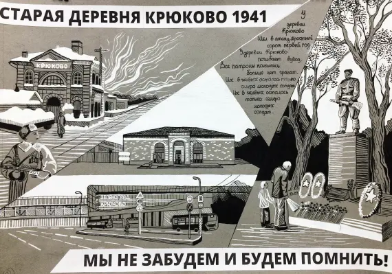 Графическая работа выполнена в технике цветная бумага, гуашь, черная гелиевая ручка. Плакат. На работе изображены две исторические эпохи: военное время 1941 года и настоящее время.
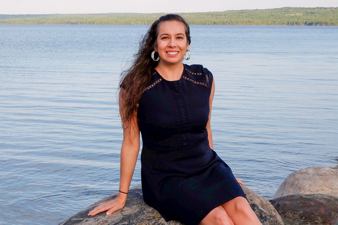 Shanna Peltier, pictured here on Wikwemikong Unceded Territory, earned a master's degree in school and clinical child psychology from OISE and is currently pursuing her PhD (photo by Naomi Peltier Photography)
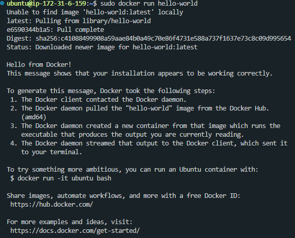 sudo docker run hello-world
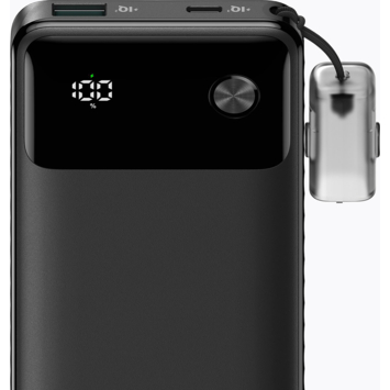 Je sluit tot drie apparaten tegelijk aan via de USB-C en USB-A poorten. De USB-C poort ondersteunt 20W Power Delivery en er is een speciale druppellaadmodus voor kleinere apparaten zoals oordopjes. Dankzij het compacte formaat past de powerbank eenvoudig in je zak of tas, waardoor hij praktisch is voor dagelijks gebruik en onderweg.
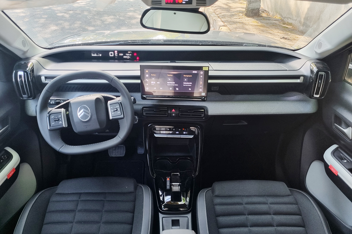Yalnız burada söylemeden geçemeyeceğiz, multimedya ekranın arayüzü ve kullanış kolaylığı günümüz teknolojilerine göre çok basit ve ağır kalıyor. Ulaşılabilir fiyatı ve sunduğu diğer özeliklerine göre göz ardı edilebilecek bir durum diyerek marka ile özdeşleşen konfor özelliklerine geldiğimizde ise Citroen C-ZEN LOUNGE’un modern, ferah ve yenilikçi kabin anlayışı çıkıyor karşımıza. Karakteristik Citroën dikey havalandırma ızgaraları ile tamamlanan yatay ön konsol, üstte teknik ekipmanlar ve altta konfor özellikleri olmak üzere iki seviyeye ayrılıyor. Kanepe tasarımı olarak bilinen bu alan, özel bir kumaşla kaplanıyor. Üst kısımda herhangi bir unsurun olmaması, sürüş konforu ve gelişmiş güvenlik için temiz ve açık bir görüş sağlıyor. Ayrıca yeni Advanced Comfort® koltuklarla da donatılan C3 Aircross yolculuğunuzun her anını keyifli hale getirmeyi başarıyor.
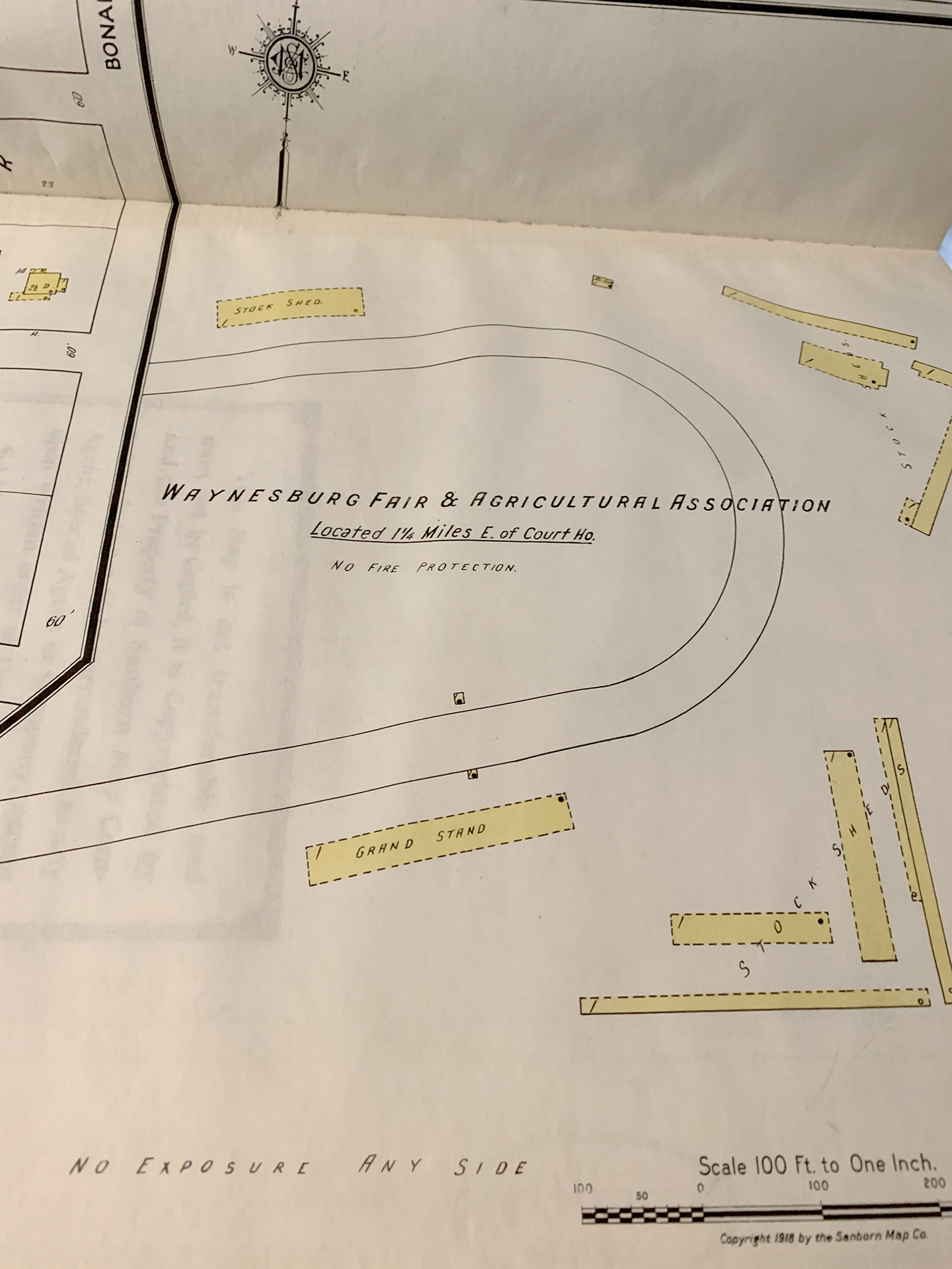 We can also track certain evolutions. In the 1918 Atlas, when looking at the area of town where Agway once was and where Waynesburg University’s Wiley Stadium now stands, we see what a former location of the Greene County Fairgrounds.
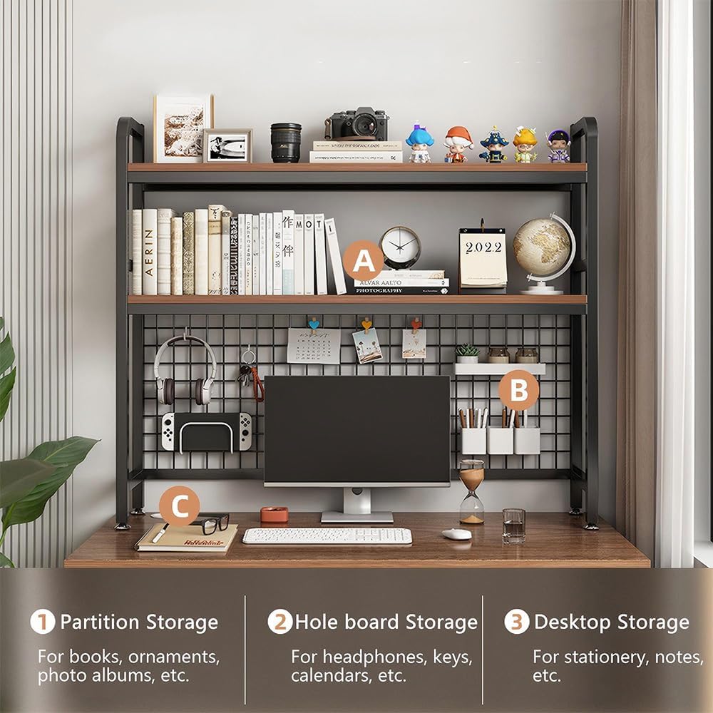 【Ample Storage Space】Featuring three generous tiers, this desk shelf provides plenty of room to books, alarm clocks, photo frames, potted plants, office supplies, phonograph records, cosmetics, etc. The design of the hole board on the back can hang sticky notes and daily small items, which is not easy to lose, making all accessories reachable.
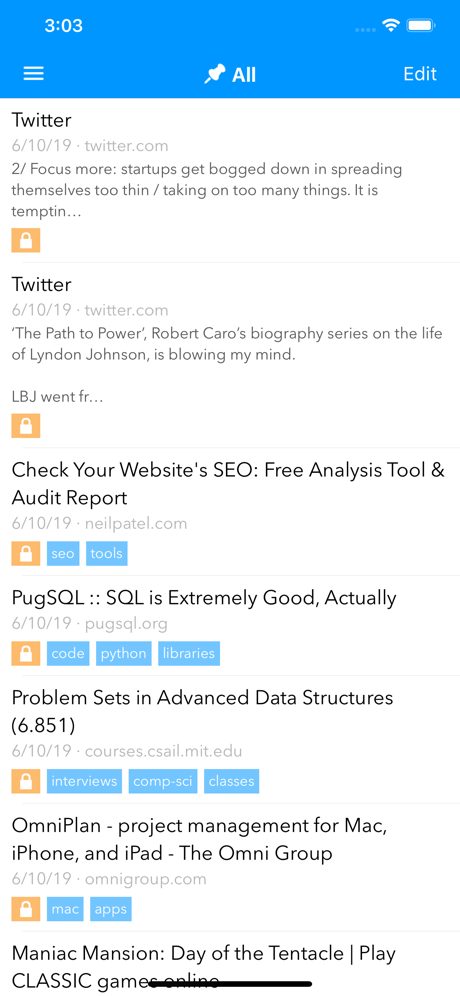 Pushpin est un client Pinboard pour iOS magnifique, ultra rapide et riche en fonctionnalités. Conçu pour les utilisateurs expérimentés comme pour les débutants, Pushpin vous permet de parcourir, rechercher, ajouter, modifier et supprimer des signets de manière transparente grâce à une interface magnifique. Il est également livré avec deux extensions de partage faciles à utiliser pour vous aider à ajouter rapidement des signets à partir de n’importe quelle application.
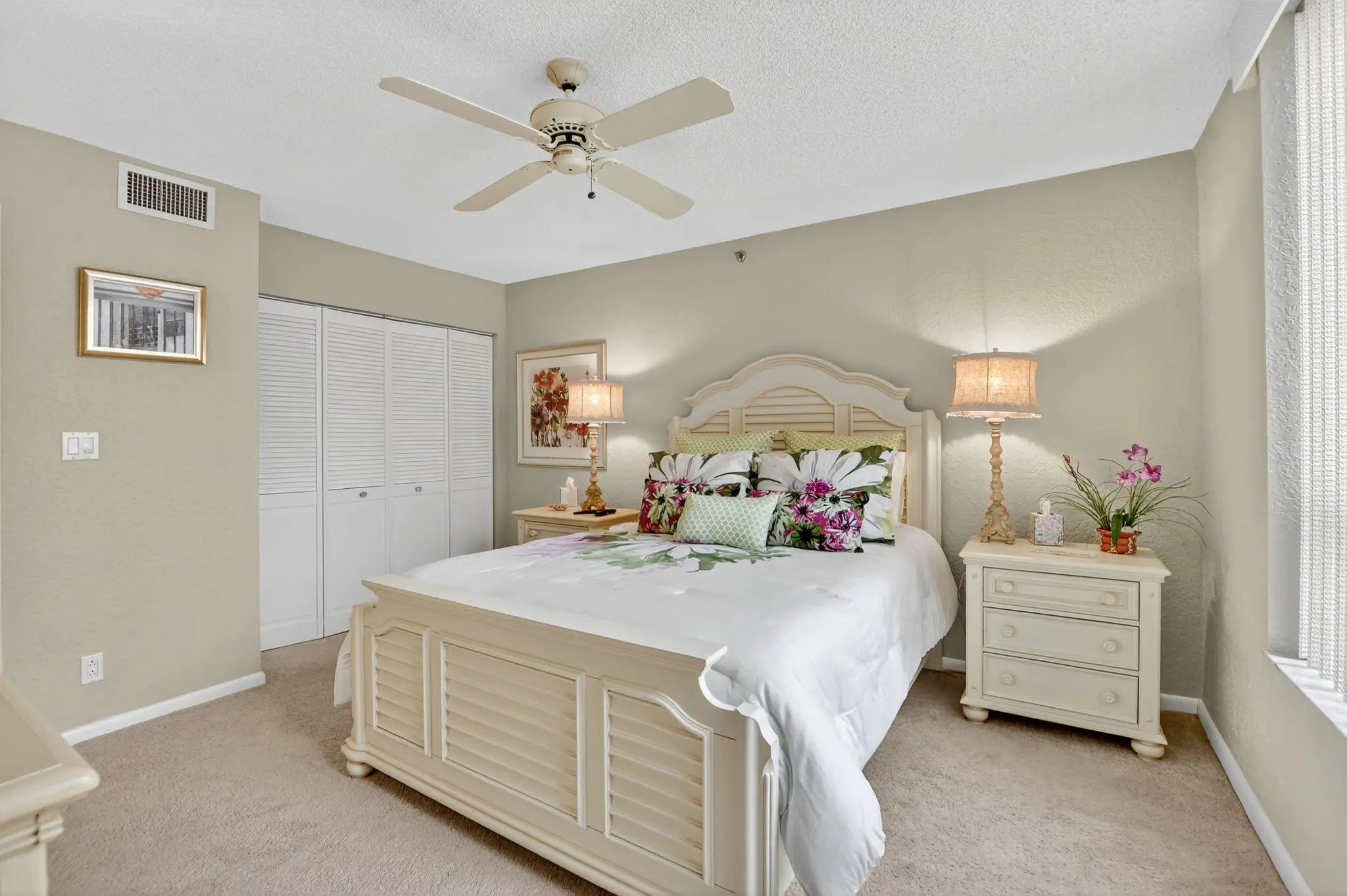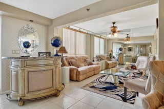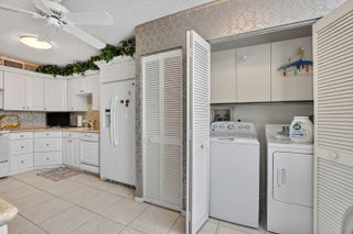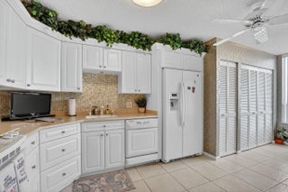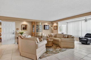 Spacious 3 bedroom, 2.5 bath condo fully expanded to include both patios under air, offering additional living space. Enjoy beautiful golf and water views from this desirable model. Kitchen features white cabinets, Corian counters, replaced appliances including refrigerator, and added cabinetry for extra storage. Washer and dryer also replaced. Large tile flooring in main living areas, with carpet in the master and second bedrooms. Master suite offers a king bed with matching furniture, large closet plus a second closet. Third bedroom/den includes built-in and sofa with tables. Half bath features linen closet and updated faucets. Unit includes storage closet on enclosed patio. Being sold partially furnished. Community pool close by and one assigned covered parking space.
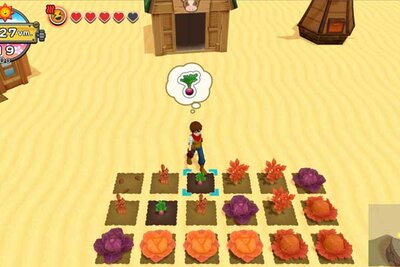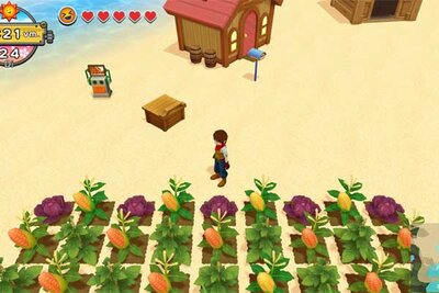 Kennt ihr schon das Spiel "Harvest Moon: Eine Welt"? Darin kann man sich um eine Farm und ihre Pflanzen und Tiere kümmern. Es wird geharkt, gesät, gedüngt, gegossen und geerntet. Über eine Kiste können dann Waren auch verkauft werden.
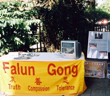 学员们布置好展台、真象资料和图片,还用一台小电视机向行人播放真象VCD《风雨天地行》。
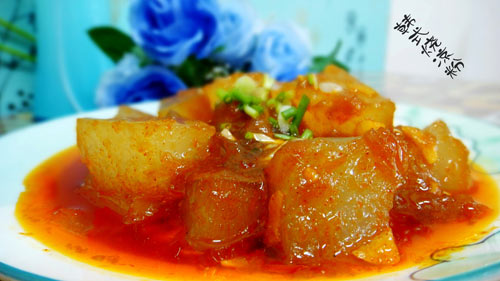 及以下步骤:大火烧开转小火烧约三分之一汤汁时,加入少许盐。 倒入金澜酱油调味即可 最后大火收汁,撒入葱花即可。 锅热注加入凉粉块小火煎至2分钟。 颜色稍微呈透明状时加入姜蒜末。 一勺韩式辣椒酱。 再加入半玩清水以没过凉粉块三分之二即可。 大火烧开转小火烧约三分之一汤汁时,加入少许盐。 倒入金澜酱油调味即可 最后大火收汁,撒入葱花即可。
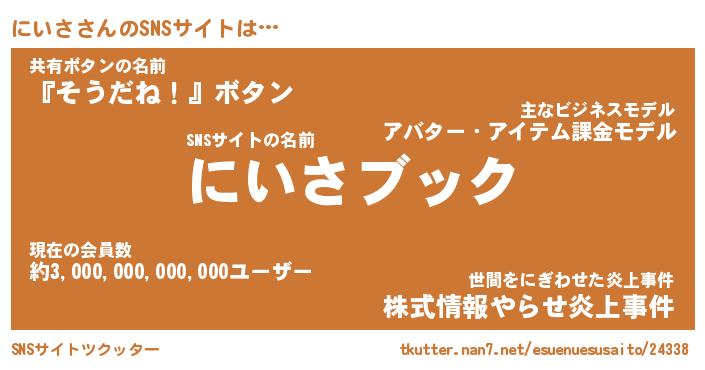 | 男性向けラノベタイトル風あだ名 | 『ニイサアートオンライン』 |
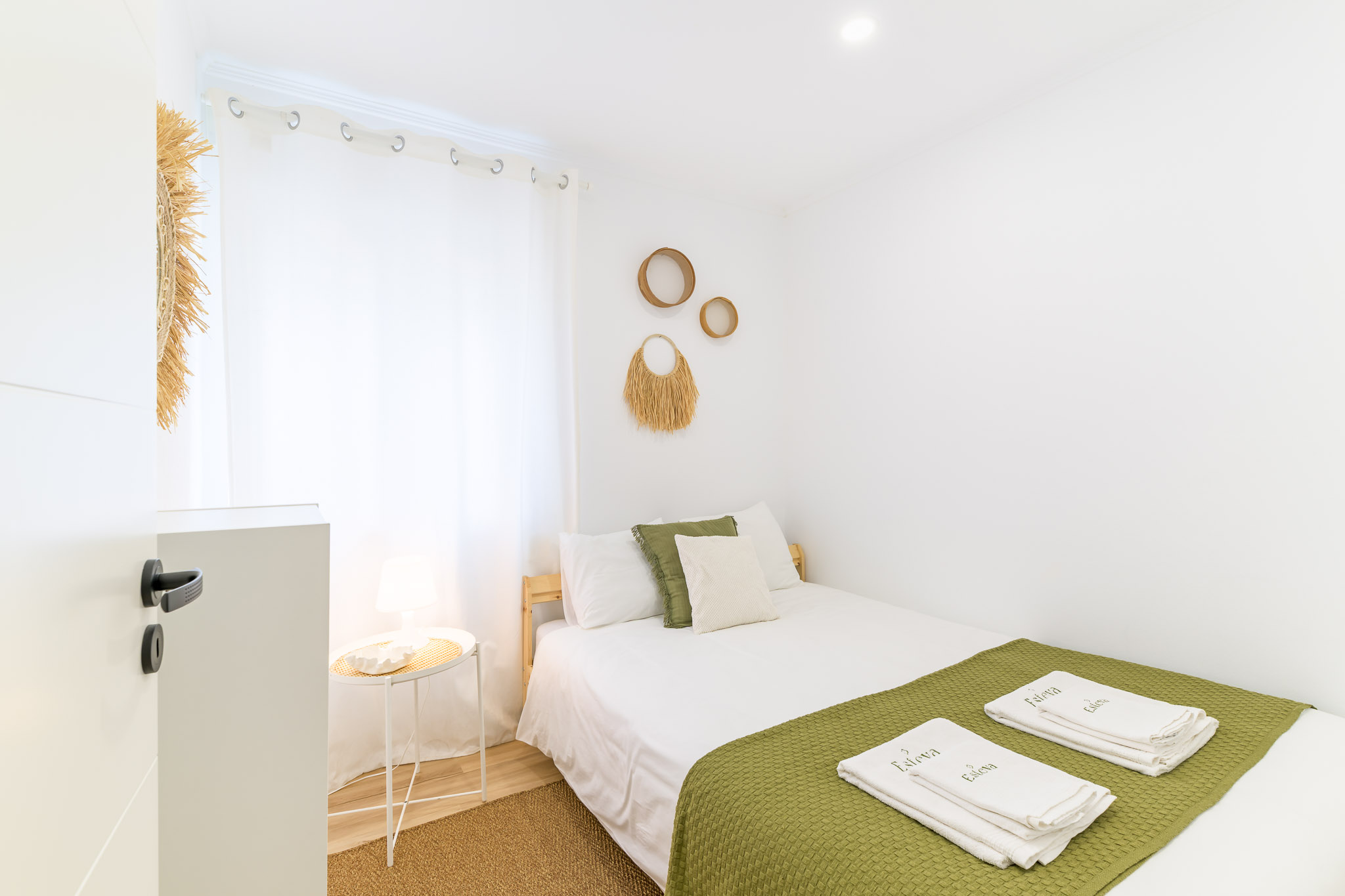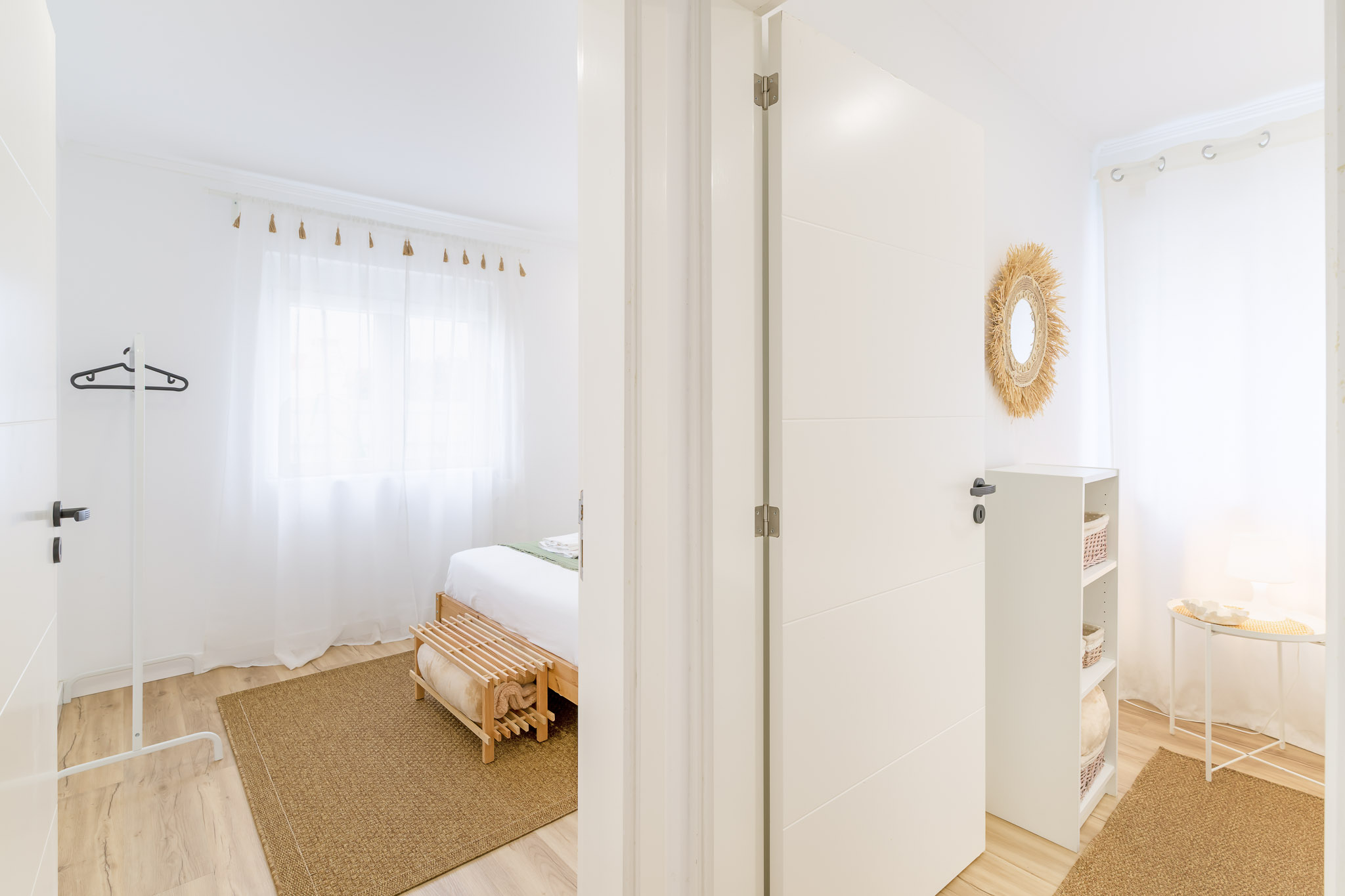 Dois quartos, cada um equipado com cama de casal e roupeiro.

-=-=-=-=-

- **PROBLEM TO SOLVE**
Give back exactly, and solely, the section of the data above bounded by the line containing "We can also" and the line containing "Pushpin est un", both bounding lines included and pictures omitted.

- **ANSWER SPACE**
 We can also track certain evolutions. In the 1918 Atlas, when looking at the area of town where Agway once was and where Waynesburg University’s Wiley Stadium now stands, we see what a former location of the Greene County Fairgrounds.
 【Ample Storage Space】Featuring three generous tiers, this desk shelf provides plenty of room to books, alarm clocks, photo frames, potted plants, office supplies, phonograph records, cosmetics, etc. The design of the hole board on the back can hang sticky notes and daily small items, which is not easy to lose, making all accessories reachable.
 Pushpin est un client Pinboard pour iOS magnifique, ultra rapide et riche en fonctionnalités. Conçu pour les utilisateurs expérimentés comme pour les débutants, Pushpin vous permet de parcourir, rechercher, ajouter, modifier et supprimer des signets de manière transparente grâce à une interface magnifique. Il est également livré avec deux extensions de partage faciles à utiliser pour vous aider à ajouter rapidement des signets à partir de n’importe quelle application.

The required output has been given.